# What is the best Thermometer



## jmedic25 (Aug 22, 2007)

Calling all smokers.  I am looking to buy a good therm for smoking and grilling.  I would love to have one with the fancy remote unit. (Oregon Scientific model AW131) I am most concerned with accuracy.  Also I am leaning away from a regular probe therm. cause I hate repeatadly opening my smoker nearing the end of a cook.  So I need some help from ya'll.

Thanks,
Justin


P.S.  This is for the meat not the smoker itself


----------



## richoso1 (Aug 22, 2007)

I hope I understood you correctly. If you're looking for a meat therm, there are several that use a wire attached (unless it is a remote) to the probe that should be in the meat and reading the cooking temp. With the probe wire outside of the smoker, the processing unit will tell you the current temp of the meat. All without opening your smoker.

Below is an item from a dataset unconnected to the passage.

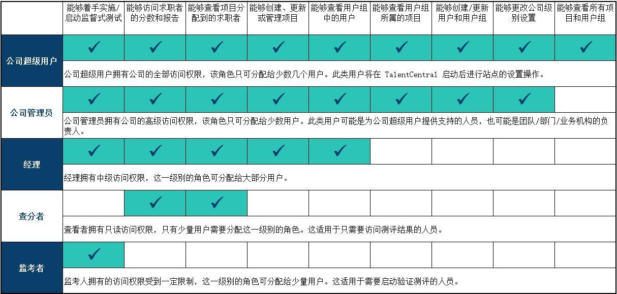 在 TalentCentral™ 平台上创建新用户时选择的权限级别,将决定用户对系统拥有的访问级别。某些用户级别,例如管理者,会更经常被分配任务,而对于监考者或查看者级别,由于权限较少,所以不经常被用。为避免意外更改您公司的设置,仅应为少量受过培训的人员选择 公司管理员用户级别。

I hope I read you correctly.


----------



## vulcan75001 (Aug 22, 2007)

Justin..
Can't tell ya anything about the aw131, cause I can't find any up in this area...but I do use the maverick et73...is a remote unit.. has two probes...1 for the smoker and 1 for the meat...transmit range is decent.. and the one I have had for over a year now is still pretty accurate...Good luck..


----------



## starsfaninco (Aug 22, 2007)

Here here,  IMO, I think you left out the best 'smoker oriented' thermometer around.  The ET-73 is absolutely a must for any pitmaster.


----------



## jmedic25 (Aug 22, 2007)

Your right after reading my post, is confusing.  What is the best wirless therm in yall's opinion.  
Justin


----------